#### The problem
Leave out the images and repeat the listing below without a single change.

#### Data section
*****

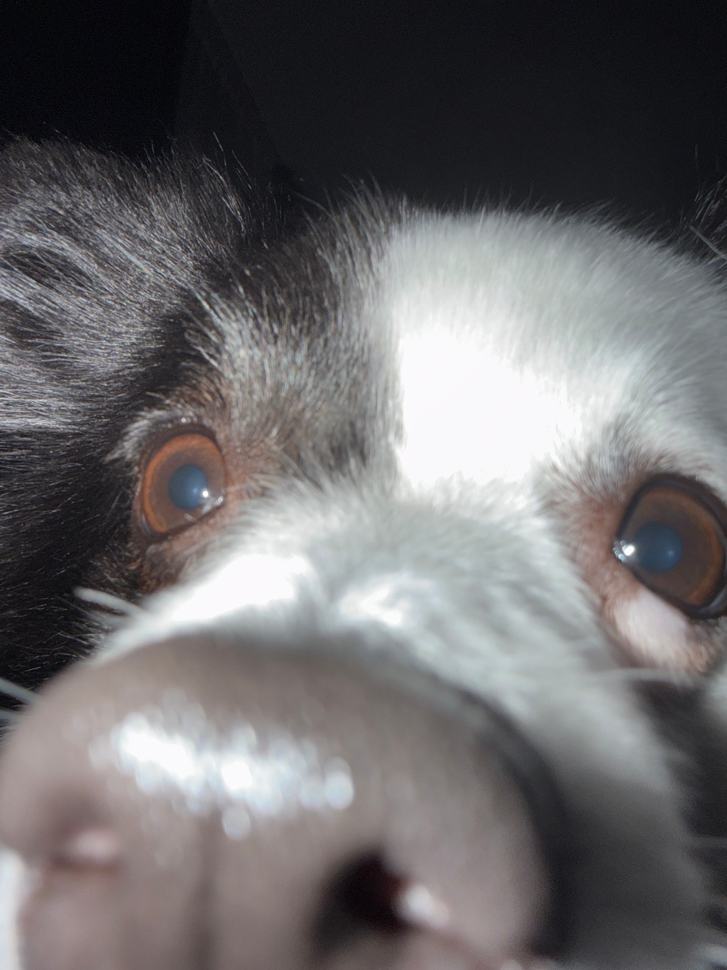 The image is a close-up, upside-down view of a black and white dog. The dog's two eyes are visible, with brown irises. A large, blurred nose dominates the right side of the frame. The background is da…read more
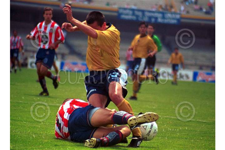 El delantero de Pumas Julio Cesar Yegros, pelea un balon en el area chica de Chivas. Pumas y Guadalajara empataron a cero goles este medio dia en Ciudad Universitaria. FOTO: Fernanda Sánchez/CUARTOSCURO.COM
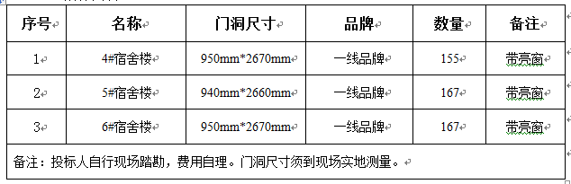 2、項目名稱:《4#、5#、6#宿舍樓鋼質(zhì)門項目》
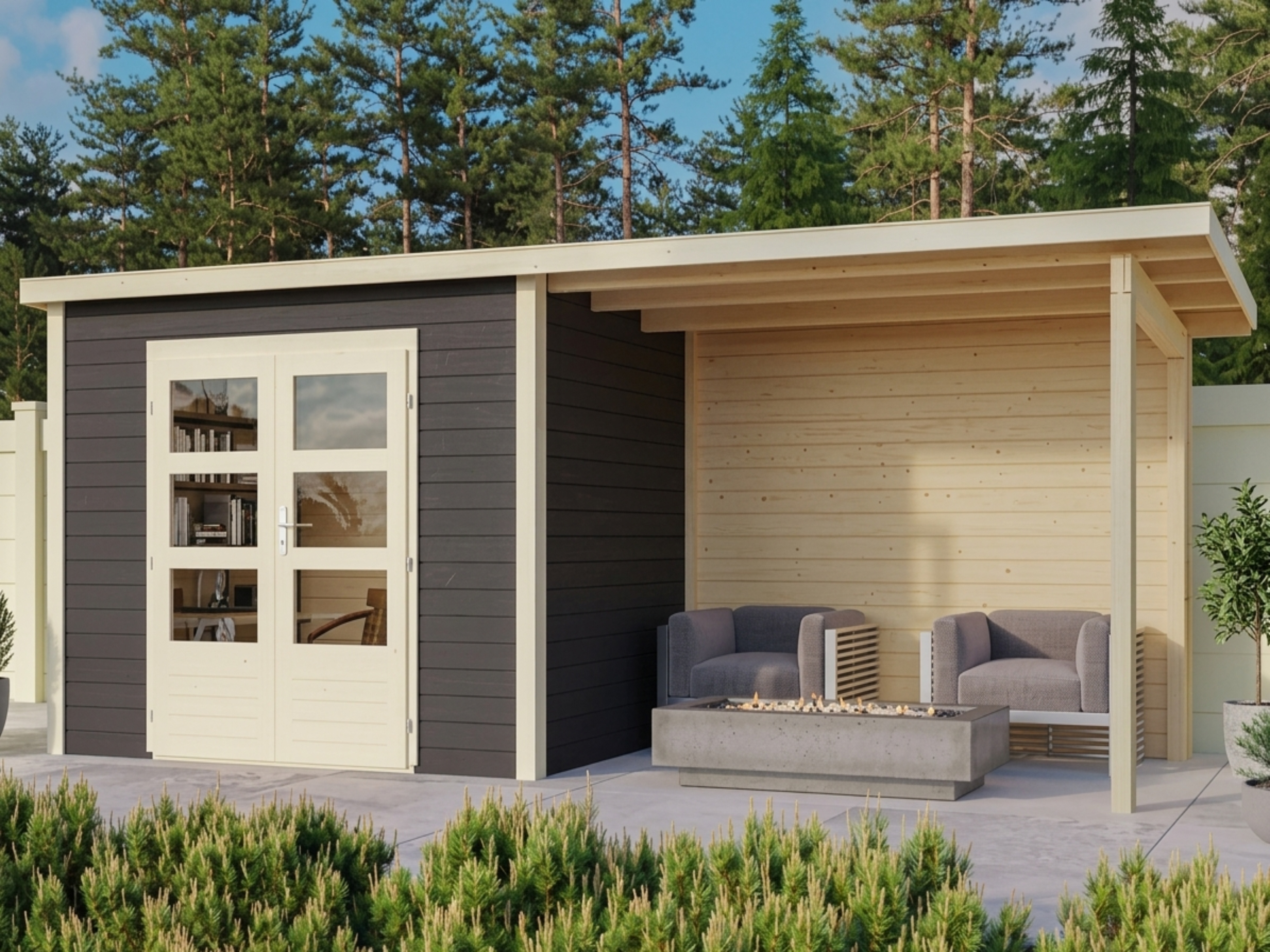 Gartenhaus Wacken 5 28 mm terragrau inkl. 3 m Anbau + Rückwand

*****

#### Reply to the exercise
 The image is a close-up, upside-down view of a black and white dog. The dog's two eyes are visible, with brown irises. A large, blurred nose dominates the right side of the frame. The background is da…read more
 El delantero de Pumas Julio Cesar Yegros, pelea un balon en el area chica de Chivas. Pumas y Guadalajara empataron a cero goles este medio dia en Ciudad Universitaria. FOTO: Fernanda Sánchez/CUARTOSCURO.COM
 2、項目名稱:《4#、5#、6#宿舍樓鋼質(zhì)門項目》
 Gartenhaus Wacken 5 28 mm terragrau inkl. 3 m Anbau + Rückwand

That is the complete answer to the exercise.